Exercise brief: Write out the line that holds "Sermi kiinnitetään pöytään" together with every line that follows it to the end of the material below, exactly. Omit the pictures.

____ Dataset extract

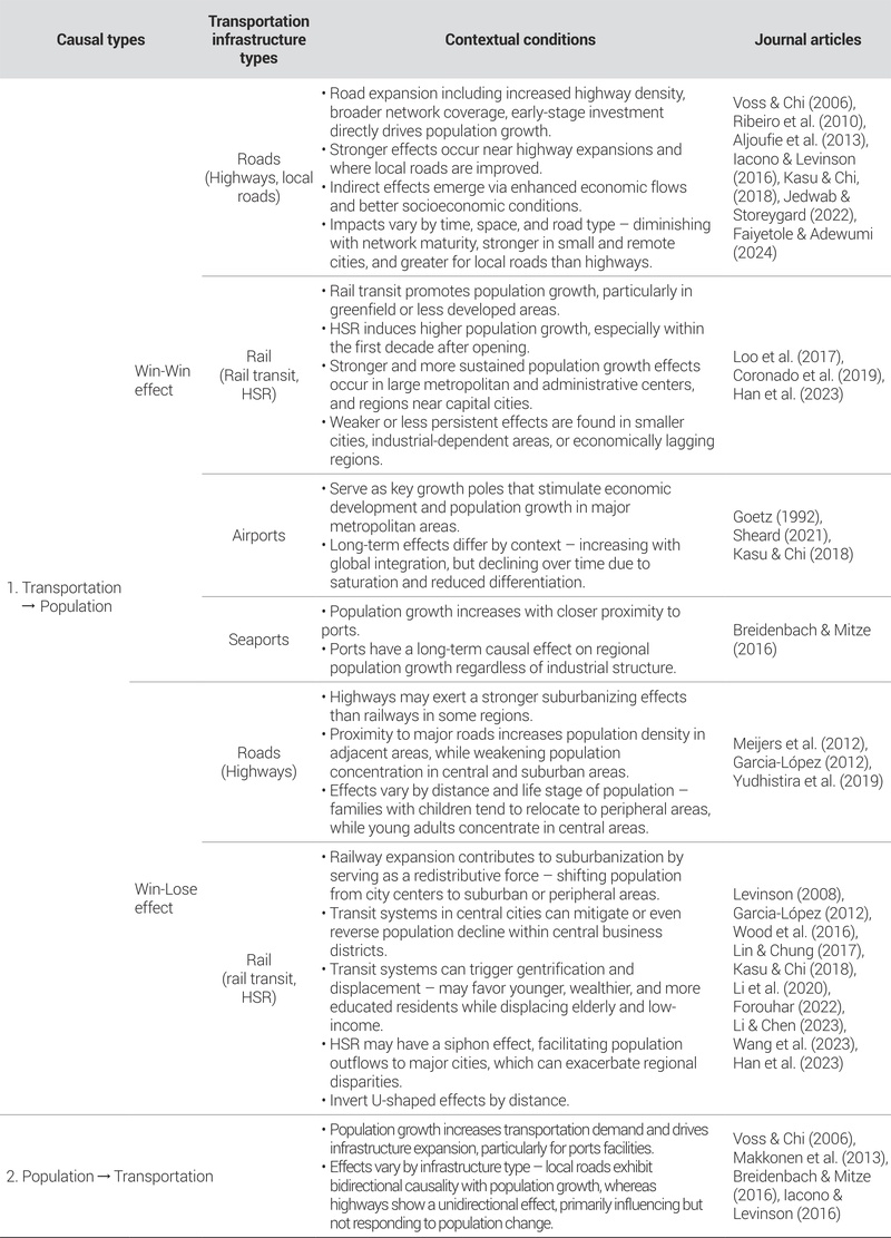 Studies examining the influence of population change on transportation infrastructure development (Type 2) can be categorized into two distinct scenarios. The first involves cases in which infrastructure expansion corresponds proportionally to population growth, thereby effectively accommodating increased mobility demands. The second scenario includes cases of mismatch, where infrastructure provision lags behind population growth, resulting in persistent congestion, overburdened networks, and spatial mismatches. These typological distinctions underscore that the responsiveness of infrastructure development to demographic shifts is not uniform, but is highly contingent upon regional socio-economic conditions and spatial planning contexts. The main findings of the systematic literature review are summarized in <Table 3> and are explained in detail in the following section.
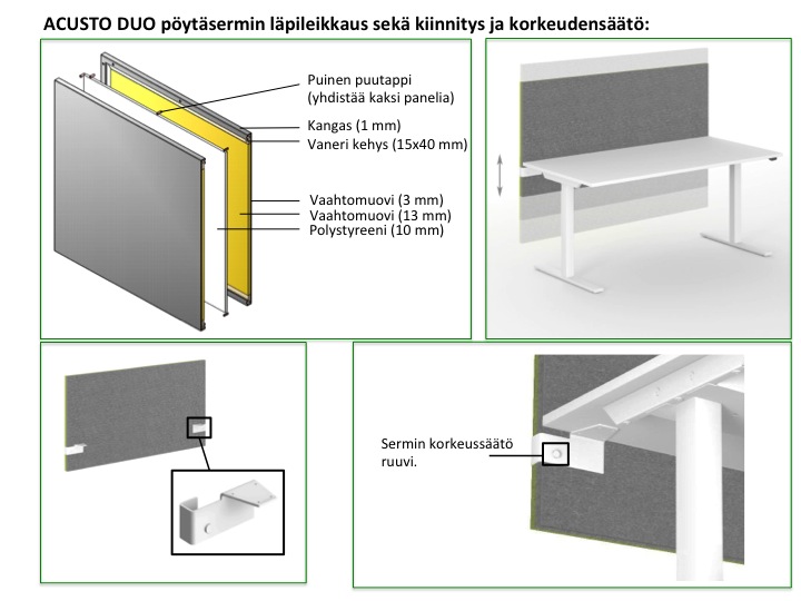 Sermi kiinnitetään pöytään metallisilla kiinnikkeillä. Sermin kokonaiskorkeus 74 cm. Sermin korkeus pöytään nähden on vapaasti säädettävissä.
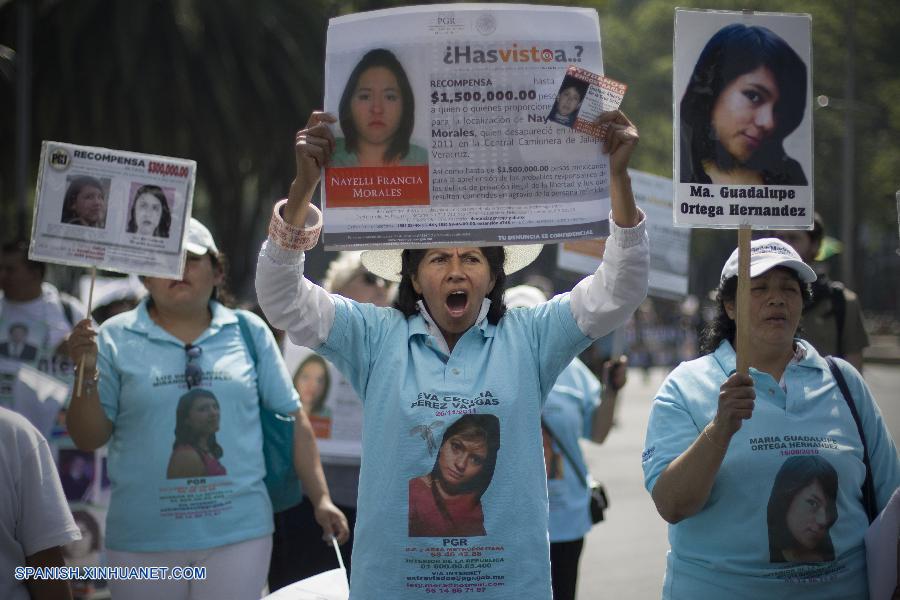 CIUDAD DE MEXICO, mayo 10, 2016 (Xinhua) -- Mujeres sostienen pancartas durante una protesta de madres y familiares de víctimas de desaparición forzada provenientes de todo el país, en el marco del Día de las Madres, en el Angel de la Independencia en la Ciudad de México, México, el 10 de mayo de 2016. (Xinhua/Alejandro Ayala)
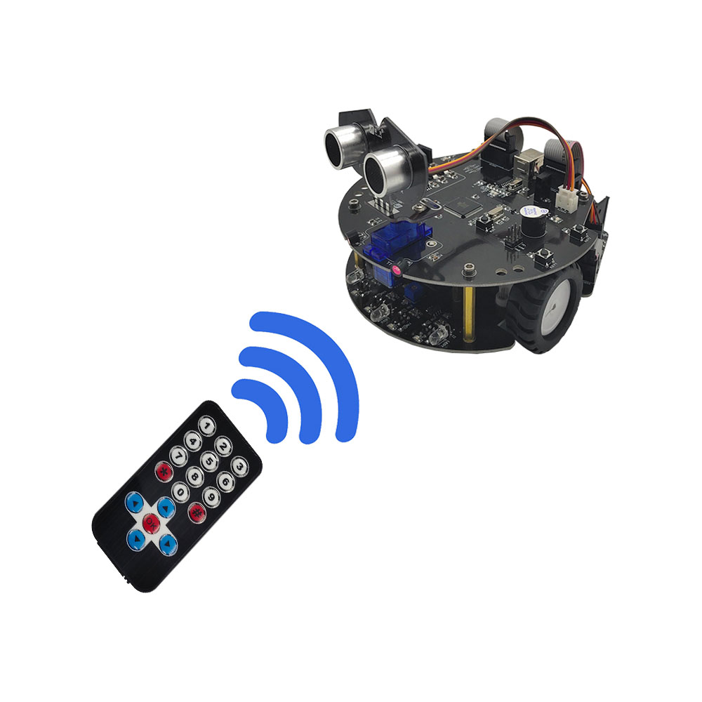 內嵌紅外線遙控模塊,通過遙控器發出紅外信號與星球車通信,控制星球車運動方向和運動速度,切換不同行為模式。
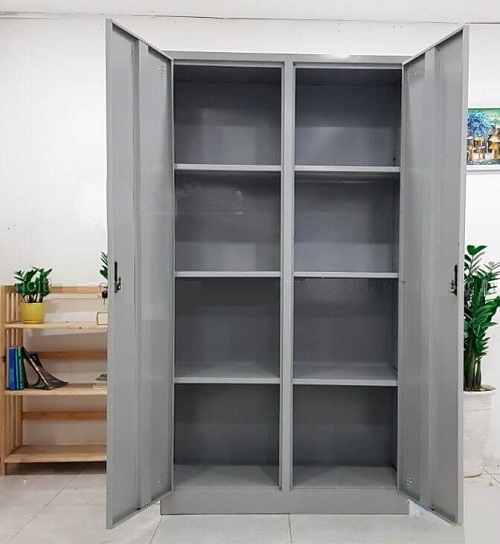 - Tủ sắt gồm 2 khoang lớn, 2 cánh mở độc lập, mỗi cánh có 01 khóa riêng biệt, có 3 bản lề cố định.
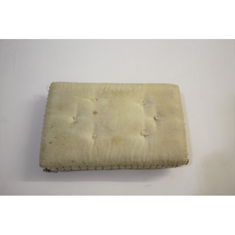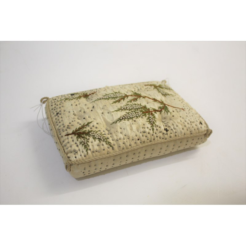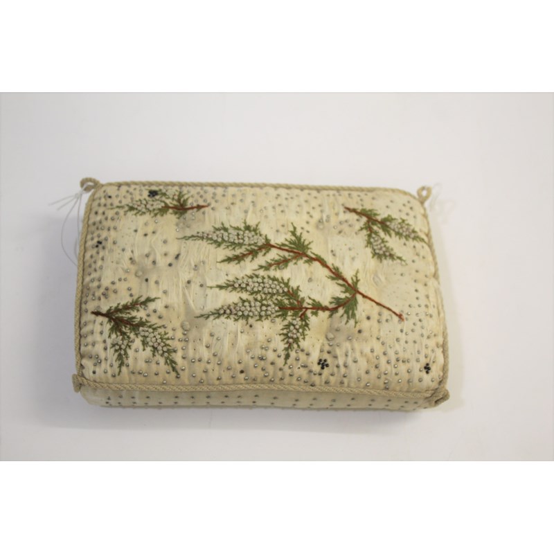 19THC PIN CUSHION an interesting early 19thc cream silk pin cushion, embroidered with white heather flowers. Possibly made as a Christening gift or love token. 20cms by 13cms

________

Task solution:
 Sermi kiinnitetään pöytään metallisilla kiinnikkeillä. Sermin kokonaiskorkeus 74 cm. Sermin korkeus pöytään nähden on vapaasti säädettävissä.
 CIUDAD DE MEXICO, mayo 10, 2016 (Xinhua) -- Mujeres sostienen pancartas durante una protesta de madres y familiares de víctimas de desaparición forzada provenientes de todo el país, en el marco del Día de las Madres, en el Angel de la Independencia en la Ciudad de México, México, el 10 de mayo de 2016. (Xinhua/Alejandro Ayala)
 內嵌紅外線遙控模塊,通過遙控器發出紅外信號與星球車通信,控制星球車運動方向和運動速度,切換不同行為模式。
 - Tủ sắt gồm 2 khoang lớn, 2 cánh mở độc lập, mỗi cánh có 01 khóa riêng biệt, có 3 bản lề cố định.
 19THC PIN CUSHION an interesting early 19thc cream silk pin cushion, embroidered with white heather flowers. Possibly made as a Christening gift or love token. 20cms by 13cms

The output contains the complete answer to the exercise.